Work to complete: Some entries follow. Reproduce exactly the lines starting at the one with "7-8mm淡水akと3-4m" and stopping after the one with "1 1/6 ctw Round".
BEGIN Dataset records
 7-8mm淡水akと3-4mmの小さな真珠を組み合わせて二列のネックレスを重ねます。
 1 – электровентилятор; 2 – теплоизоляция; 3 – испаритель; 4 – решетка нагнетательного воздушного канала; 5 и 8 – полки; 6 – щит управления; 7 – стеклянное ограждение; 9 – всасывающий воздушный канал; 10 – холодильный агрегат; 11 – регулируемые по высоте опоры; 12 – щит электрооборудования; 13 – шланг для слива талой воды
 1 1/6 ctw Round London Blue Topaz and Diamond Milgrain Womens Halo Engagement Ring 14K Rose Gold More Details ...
END Dataset records
BEGIN Dataset records
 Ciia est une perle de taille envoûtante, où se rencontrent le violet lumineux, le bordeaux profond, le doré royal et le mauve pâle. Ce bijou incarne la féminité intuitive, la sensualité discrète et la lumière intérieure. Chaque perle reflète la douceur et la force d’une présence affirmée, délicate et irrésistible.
END Dataset records
Result:
 7-8mm淡水akと3-4mmの小さな真珠を組み合わせて二列のネックレスを重ねます。
 1 – электровентилятор; 2 – теплоизоляция; 3 – испаритель; 4 – решетка нагнетательного воздушного канала; 5 и 8 – полки; 6 – щит управления; 7 – стеклянное ограждение; 9 – всасывающий воздушный канал; 10 – холодильный агрегат; 11 – регулируемые по высоте опоры; 12 – щит электрооборудования; 13 – шланг для слива талой воды
 1 1/6 ctw Round London Blue Topaz and Diamond Milgrain Womens Halo Engagement Ring 14K Rose Gold More Details ...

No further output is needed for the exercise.